Quality improvement initiative to decrease extrauterine growth restriction in preterm neonates

Nutr Clin Pract. 2021 Dec;36(6):1296-1303. doi: 10.1002/ncp.10735. Epub 2021 Jul 10.

Abstract

Background: Prevention of extrauterine growth restriction (EUGR) in preterm neonates is one of the biggest challenges to neonatologists. Lack of uniformity and inconsistency in nutrition practices are the most common causes. We started a quality improvement (QI) initiative with an intention to decrease the proportion of EUGR.
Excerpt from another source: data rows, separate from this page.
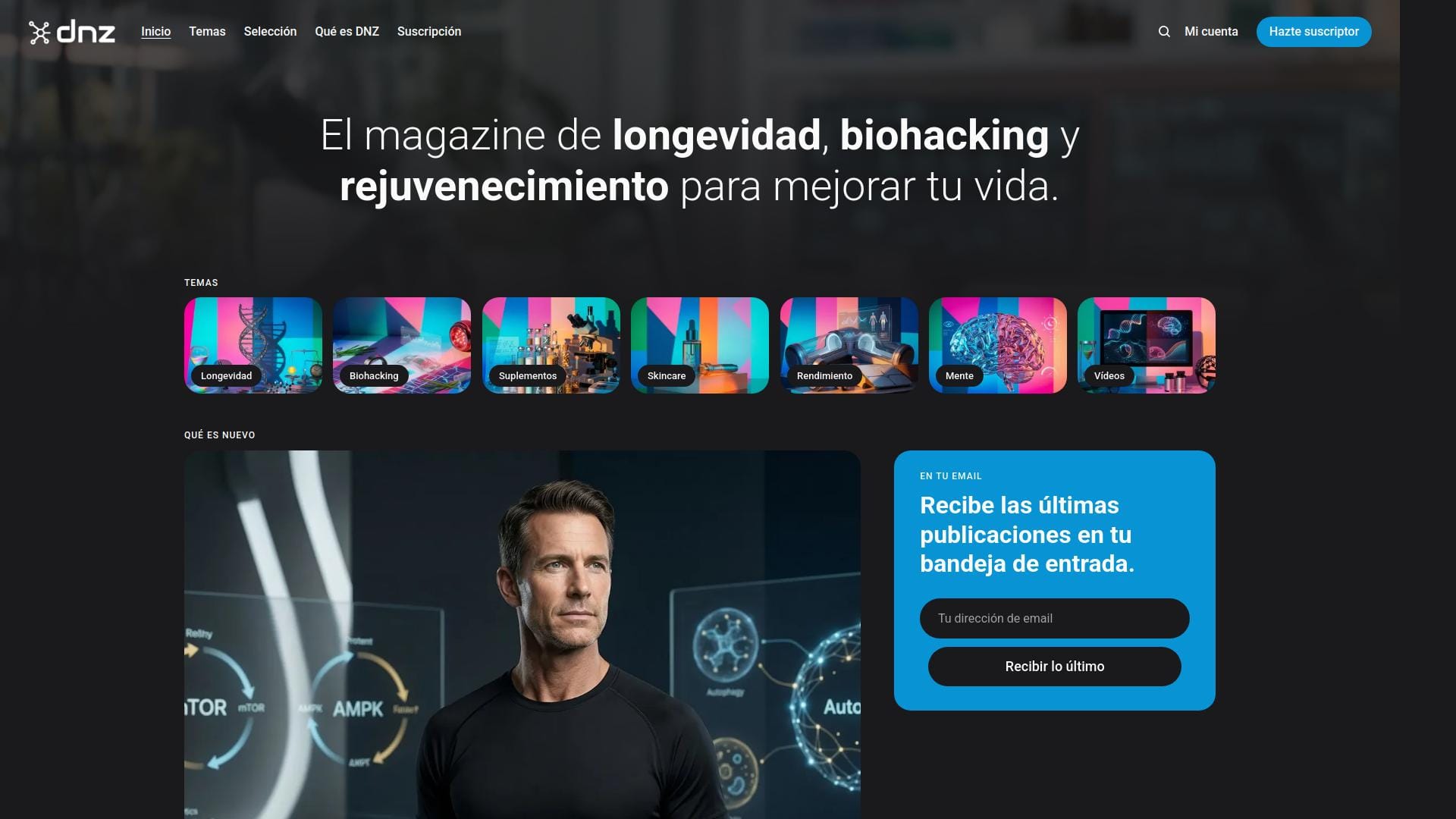 DNZ es una plataforma premium de suscripción en español centrada en longevidad, rejuvenecimiento, suplementación, skincare, rendimiento y mente. Ofrece artículos, análisis, programas prácticos y herramientas de apoyo como su Coach IA para ayudar a suscriptores exigentes a aprender qué merece realmente la pena.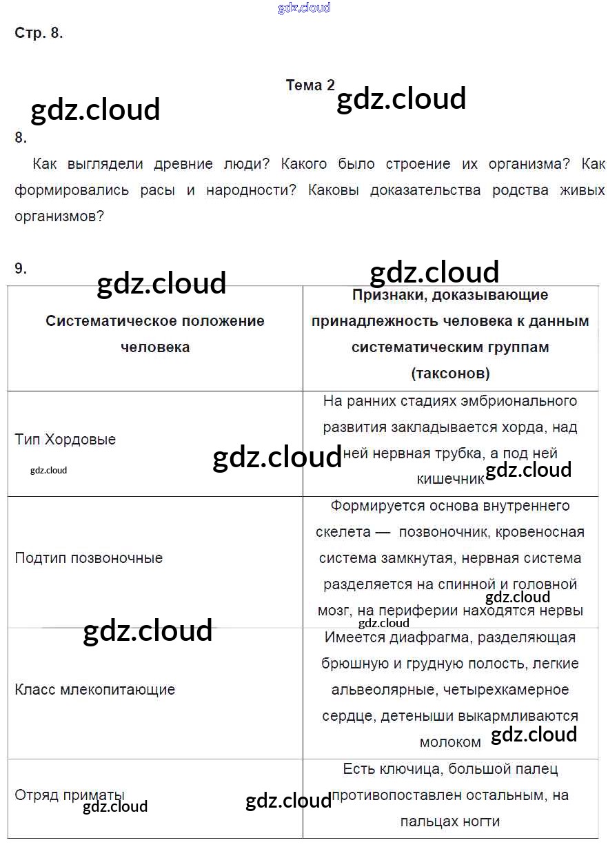 Ответ на задание 8 Рабочая тетрадь Биология за 8 (восьмой) класс Колесов, Маш, Беляев УМК 2018 ФГОС онлайн и без номера телефона.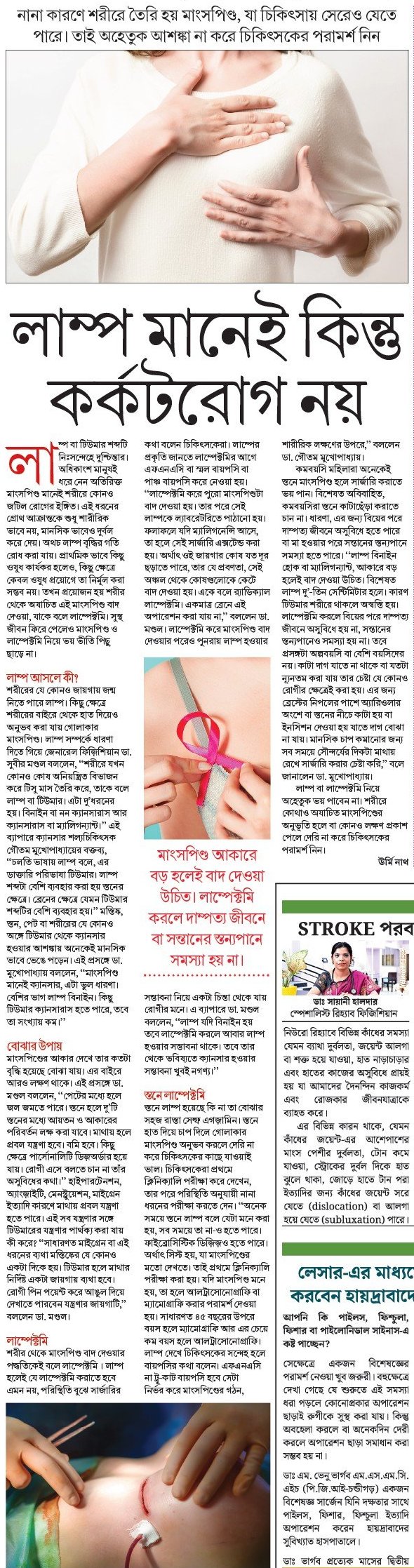 লাম্প বা লাম্পেক্টমি নিয়ে অহেতুক ভয় পাবেন না। শরীরে কোথাও অযাচিত মাংসপিণ্ডের অনুভূতি হলে বা কোনও লক্ষণ প্রকাশ পেলে দেরি না করে চিকিৎসকের পরামর্শ নিন।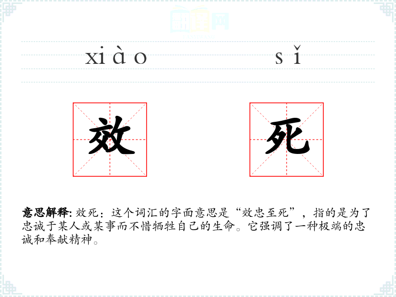 效死:这个词汇的字面意思是“效忠至死”,指的是为了忠诚于某人或某事而不惜牺牲自己的生命。它强调了一种极端的忠诚和奉献精神。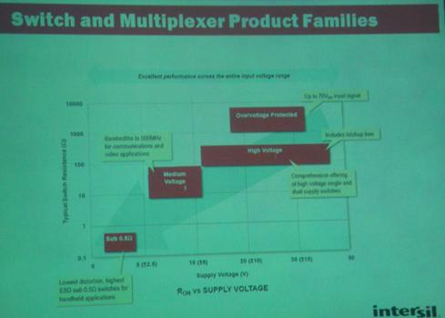 Roger還介紹了Intersil開關(guān)和多路復(fù)用器及接口產(chǎn)品線的情況,其sub 0.5Ω開關(guān)用于便攜應(yīng)用,中壓產(chǎn)品用于通信和視頻應(yīng)用,并且能提供高壓?jiǎn)?雙電源開關(guān)等。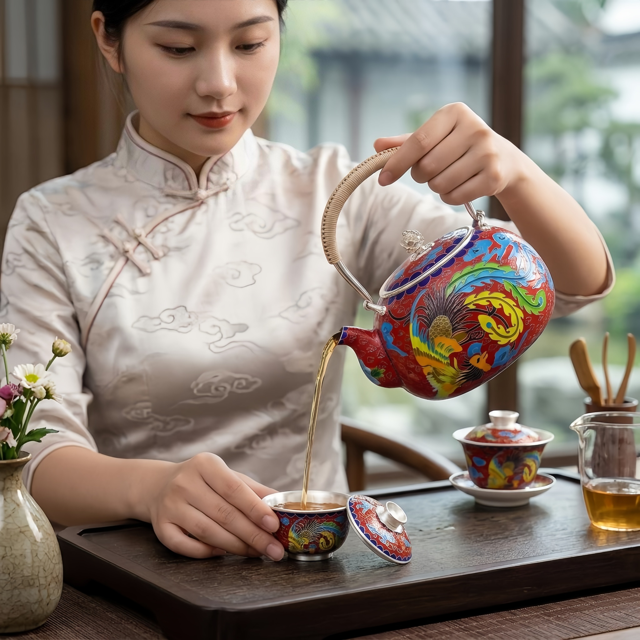 925 Sterling Silver Vibrant Red Cloisonné Phoenix Teapot with Rattan Wrapped Handle and Silver Accents - Handicraft

Methods: We performed prospective nonrandomized QI from May 2018 to July 2019. Ninety-six neonates (born at <32 weeks and/or <1.2 kg) were compared with 111 historical controls. A continuous feedback loop was maintained, and changes were analyzed as plan-do-study-actcycle.

Results: Although EUGR was lower after the intervention (93.7% vs 87.5%), this change was not statistically significant. However, other measures of in-hospital neonatal growth showed improvement, including median discharge weight percentile from 1% to 3% (P = .003). Median difference in the z-score for weight from birth to discharge also improved significantly from -1.84 to -1.65 (P = .04). Babies in the intervention group regained birth weight earlier (P = .005) and had better growth velocity (P = .0005). The feeding was started early (P < .0001), and these babies reached full feeds (P < .0001) earlier than the control cohort.

Conclusion: Although our QI initiative failed to achieve a significant reduction in EUGR, it did achieve a significant improvement in discharge weight percentile and difference in the z-score for weight at birth and during discharge from hospital. There was a significant improvement in growth velocity and an early regaining of birth weight. The implementation of written nutrition practice guidelines facilitated improved outcomes.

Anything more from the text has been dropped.